| Information supplied |
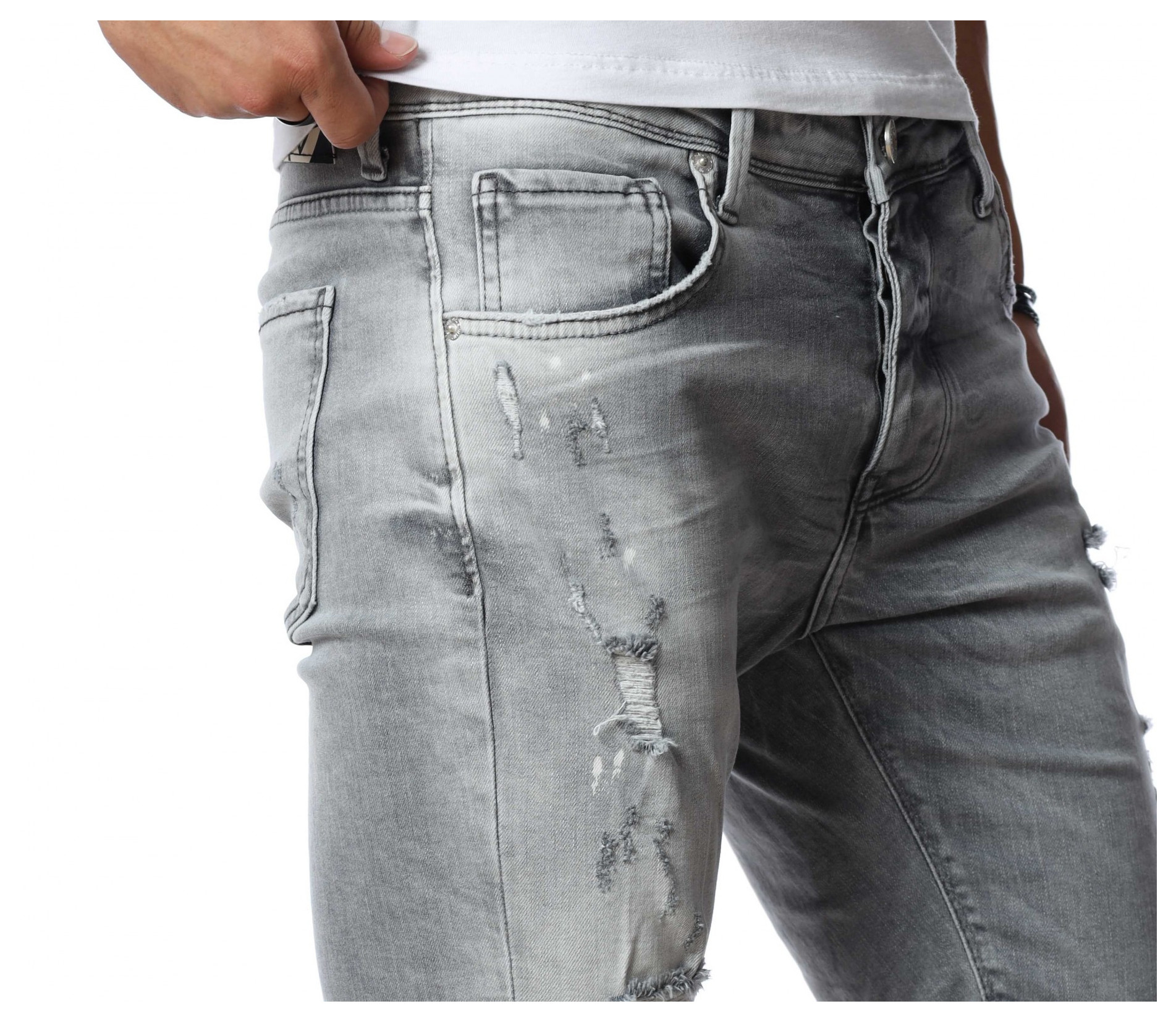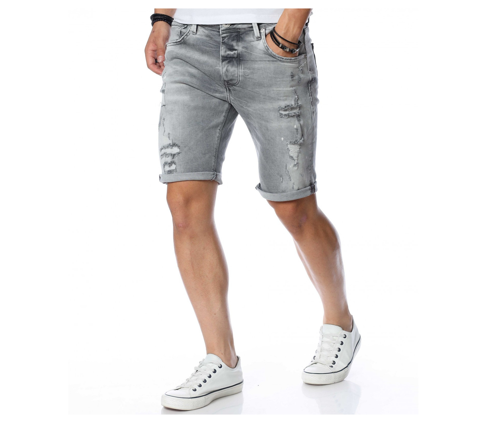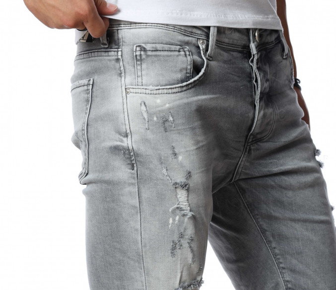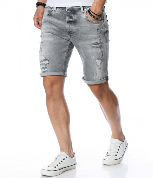 ОПИСАНИЕ НА ПРОДУКТА: Мъжки атрактивни светло сиви дънки с интересен ефект. Този модел къси панталони от дънков плат впечатлява със своя нестандартен дизайн. Ефектни и изключително стилни - перфектно пасващи на всеки стайлинг. На фона на сивия цвят се забелязват фабрично изтъркани и накъсани елементи, които идеално създават контраст с нотка модно излъчване. Както в предната, така и в задната страна на дънките са поставени два джоба. В задната страна в областта на колана е разположено парче кожа с името на марката. Дължината на модела е до коляното, като има възможност за допълнителен подгъв според вашето желание. Кройката е вталена и леко еластична. Бъди в крак с модните тенденции и заложи на нещо екстравагантно и определено много стилно. Смело съчетай с цветен тишърт за един завършен аутфит.
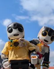 母ちゃんさん こんにちは🤗 ゆずくんのひまわりのお洋服可愛い〜💕 雲☁️のお洋服も可愛い〜🤖💕 ソフトクリーム持ってお出かけなんだね お出かけ楽しんできてね〜🤖💕💕💕
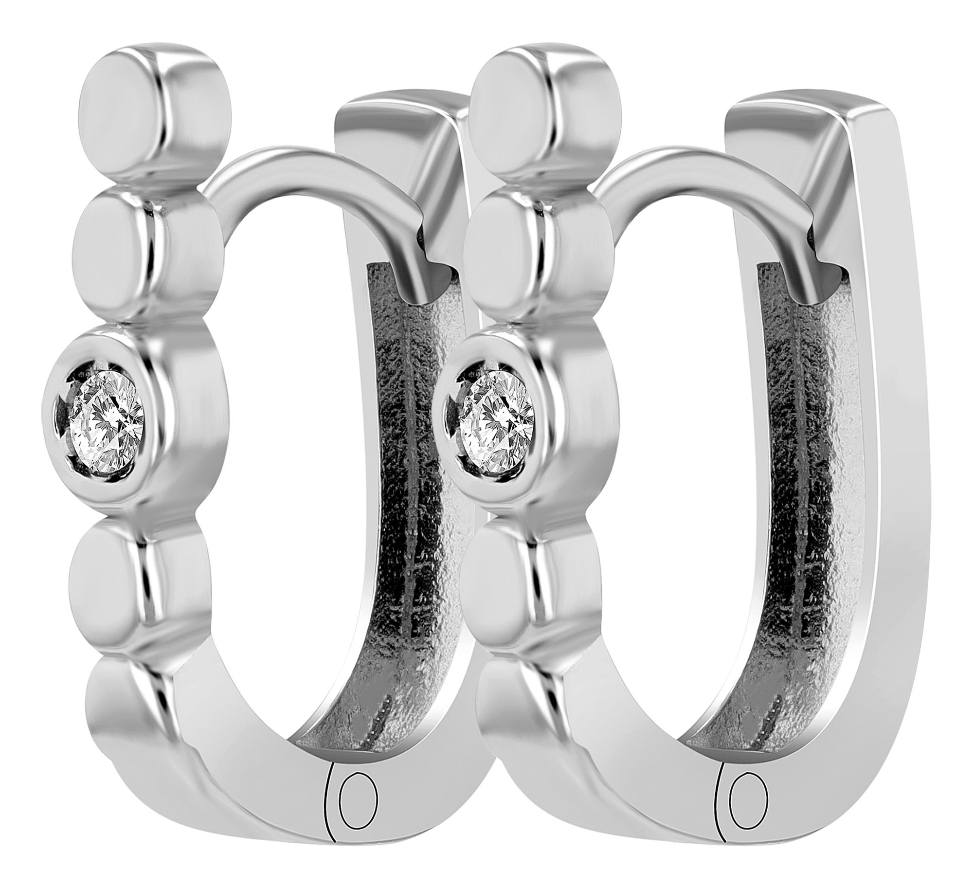 Het bijzondere ontwerp van het voorste gedeelte bestaat uit vijf elegante stippen, waarvan de middelste is versierd met een fonkelende zirkoon. Dit subtiele detail geeft de creool een vleugje glamour en elegantie waarmee het zich onderscheidt van andere sieraden.

| Exercise objective |
Write the lines from the line containing "母ちゃんさん こんにちは🤗 ゆずくんのひまわりのお洋服可愛い〜💕" through the last line of the data out again exactly, and only those lines; pictures stay out.

| Task response |
 母ちゃんさん こんにちは🤗 ゆずくんのひまわりのお洋服可愛い〜💕 雲☁️のお洋服も可愛い〜🤖💕 ソフトクリーム持ってお出かけなんだね お出かけ楽しんできてね〜🤖💕💕💕
 Het bijzondere ontwerp van het voorste gedeelte bestaat uit vijf elegante stippen, waarvan de middelste is versierd met een fonkelende zirkoon. Dit subtiele detail geeft de creool een vleugje glamour en elegantie waarmee het zich onderscheidt van andere sieraden.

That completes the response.